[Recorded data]
————
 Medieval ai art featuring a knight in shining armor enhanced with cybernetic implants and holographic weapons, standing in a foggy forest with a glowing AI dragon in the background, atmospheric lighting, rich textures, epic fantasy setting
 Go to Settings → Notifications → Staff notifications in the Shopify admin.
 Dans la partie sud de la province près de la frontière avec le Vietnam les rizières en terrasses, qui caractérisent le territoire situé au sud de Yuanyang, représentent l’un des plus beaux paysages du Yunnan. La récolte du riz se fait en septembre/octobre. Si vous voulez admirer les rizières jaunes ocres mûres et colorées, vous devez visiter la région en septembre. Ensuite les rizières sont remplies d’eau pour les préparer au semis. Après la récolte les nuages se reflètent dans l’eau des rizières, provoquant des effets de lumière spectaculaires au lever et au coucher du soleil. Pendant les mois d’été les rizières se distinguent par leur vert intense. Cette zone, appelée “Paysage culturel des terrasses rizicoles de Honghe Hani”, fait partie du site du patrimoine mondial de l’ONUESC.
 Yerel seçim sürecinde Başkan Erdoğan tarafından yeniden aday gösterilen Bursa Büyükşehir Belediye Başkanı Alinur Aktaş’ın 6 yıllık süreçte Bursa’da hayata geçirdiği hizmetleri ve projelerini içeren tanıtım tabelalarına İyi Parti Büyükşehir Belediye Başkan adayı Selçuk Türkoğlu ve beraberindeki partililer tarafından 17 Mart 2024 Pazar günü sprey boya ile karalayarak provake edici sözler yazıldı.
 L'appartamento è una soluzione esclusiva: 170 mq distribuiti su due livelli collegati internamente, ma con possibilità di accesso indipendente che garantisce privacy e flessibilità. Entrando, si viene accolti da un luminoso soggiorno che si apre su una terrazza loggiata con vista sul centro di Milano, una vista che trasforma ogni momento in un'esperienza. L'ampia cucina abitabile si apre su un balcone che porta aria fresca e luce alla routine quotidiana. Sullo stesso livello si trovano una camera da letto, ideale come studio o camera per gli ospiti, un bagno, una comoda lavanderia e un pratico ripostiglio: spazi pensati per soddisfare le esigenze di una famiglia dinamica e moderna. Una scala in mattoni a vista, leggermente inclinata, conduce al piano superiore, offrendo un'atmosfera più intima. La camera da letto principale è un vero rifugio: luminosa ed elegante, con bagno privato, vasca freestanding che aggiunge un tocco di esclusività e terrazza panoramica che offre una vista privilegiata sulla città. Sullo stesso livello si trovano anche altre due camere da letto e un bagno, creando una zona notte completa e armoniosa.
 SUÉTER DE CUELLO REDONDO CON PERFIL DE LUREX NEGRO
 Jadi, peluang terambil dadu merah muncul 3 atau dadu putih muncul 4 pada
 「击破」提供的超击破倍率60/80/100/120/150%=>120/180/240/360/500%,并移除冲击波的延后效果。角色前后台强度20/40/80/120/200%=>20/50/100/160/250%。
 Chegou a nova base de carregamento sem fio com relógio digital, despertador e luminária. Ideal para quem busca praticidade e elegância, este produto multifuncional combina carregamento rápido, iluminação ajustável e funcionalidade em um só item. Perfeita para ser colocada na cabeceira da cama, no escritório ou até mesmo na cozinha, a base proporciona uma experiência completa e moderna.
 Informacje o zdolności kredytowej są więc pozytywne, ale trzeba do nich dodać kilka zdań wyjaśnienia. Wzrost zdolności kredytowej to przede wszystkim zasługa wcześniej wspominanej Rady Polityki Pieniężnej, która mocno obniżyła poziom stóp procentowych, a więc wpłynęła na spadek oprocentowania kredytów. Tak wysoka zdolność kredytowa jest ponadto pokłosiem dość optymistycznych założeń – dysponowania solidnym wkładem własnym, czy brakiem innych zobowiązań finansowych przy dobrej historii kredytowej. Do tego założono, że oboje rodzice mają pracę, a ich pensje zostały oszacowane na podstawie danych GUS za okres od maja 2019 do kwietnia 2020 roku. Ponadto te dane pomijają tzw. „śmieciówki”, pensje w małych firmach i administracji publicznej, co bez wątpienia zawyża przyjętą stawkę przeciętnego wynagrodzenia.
————
§ About this task:
Every entry is to be transcribed exactly as it stands.

§ Output below:
 Medieval ai art featuring a knight in shining armor enhanced with cybernetic implants and holographic weapons, standing in a foggy forest with a glowing AI dragon in the background, atmospheric lighting, rich textures, epic fantasy setting
 Go to Settings → Notifications → Staff notifications in the Shopify admin.
 Dans la partie sud de la province près de la frontière avec le Vietnam les rizières en terrasses, qui caractérisent le territoire situé au sud de Yuanyang, représentent l’un des plus beaux paysages du Yunnan. La récolte du riz se fait en septembre/octobre. Si vous voulez admirer les rizières jaunes ocres mûres et colorées, vous devez visiter la région en septembre. Ensuite les rizières sont remplies d’eau pour les préparer au semis. Après la récolte les nuages se reflètent dans l’eau des rizières, provoquant des effets de lumière spectaculaires au lever et au coucher du soleil. Pendant les mois d’été les rizières se distinguent par leur vert intense. Cette zone, appelée “Paysage culturel des terrasses rizicoles de Honghe Hani”, fait partie du site du patrimoine mondial de l’ONUESC.
 Yerel seçim sürecinde Başkan Erdoğan tarafından yeniden aday gösterilen Bursa Büyükşehir Belediye Başkanı Alinur Aktaş’ın 6 yıllık süreçte Bursa’da hayata geçirdiği hizmetleri ve projelerini içeren tanıtım tabelalarına İyi Parti Büyükşehir Belediye Başkan adayı Selçuk Türkoğlu ve beraberindeki partililer tarafından 17 Mart 2024 Pazar günü sprey boya ile karalayarak provake edici sözler yazıldı.
 L'appartamento è una soluzione esclusiva: 170 mq distribuiti su due livelli collegati internamente, ma con possibilità di accesso indipendente che garantisce privacy e flessibilità. Entrando, si viene accolti da un luminoso soggiorno che si apre su una terrazza loggiata con vista sul centro di Milano, una vista che trasforma ogni momento in un'esperienza. L'ampia cucina abitabile si apre su un balcone che porta aria fresca e luce alla routine quotidiana. Sullo stesso livello si trovano una camera da letto, ideale come studio o camera per gli ospiti, un bagno, una comoda lavanderia e un pratico ripostiglio: spazi pensati per soddisfare le esigenze di una famiglia dinamica e moderna. Una scala in mattoni a vista, leggermente inclinata, conduce al piano superiore, offrendo un'atmosfera più intima. La camera da letto principale è un vero rifugio: luminosa ed elegante, con bagno privato, vasca freestanding che aggiunge un tocco di esclusività e terrazza panoramica che offre una vista privilegiata sulla città. Sullo stesso livello si trovano anche altre due camere da letto e un bagno, creando una zona notte completa e armoniosa.
 SUÉTER DE CUELLO REDONDO CON PERFIL DE LUREX NEGRO
 Jadi, peluang terambil dadu merah muncul 3 atau dadu putih muncul 4 pada
 「击破」提供的超击破倍率60/80/100/120/150%=>120/180/240/360/500%,并移除冲击波的延后效果。角色前后台强度20/40/80/120/200%=>20/50/100/160/250%。
 Chegou a nova base de carregamento sem fio com relógio digital, despertador e luminária. Ideal para quem busca praticidade e elegância, este produto multifuncional combina carregamento rápido, iluminação ajustável e funcionalidade em um só item. Perfeita para ser colocada na cabeceira da cama, no escritório ou até mesmo na cozinha, a base proporciona uma experiência completa e moderna.
 Informacje o zdolności kredytowej są więc pozytywne, ale trzeba do nich dodać kilka zdań wyjaśnienia. Wzrost zdolności kredytowej to przede wszystkim zasługa wcześniej wspominanej Rady Polityki Pieniężnej, która mocno obniżyła poziom stóp procentowych, a więc wpłynęła na spadek oprocentowania kredytów. Tak wysoka zdolność kredytowa jest ponadto pokłosiem dość optymistycznych założeń – dysponowania solidnym wkładem własnym, czy brakiem innych zobowiązań finansowych przy dobrej historii kredytowej. Do tego założono, że oboje rodzice mają pracę, a ich pensje zostały oszacowane na podstawie danych GUS za okres od maja 2019 do kwietnia 2020 roku. Ponadto te dane pomijają tzw. „śmieciówki”, pensje w małych firmach i administracji publicznej, co bez wątpienia zawyża przyjętą stawkę przeciętnego wynagrodzenia.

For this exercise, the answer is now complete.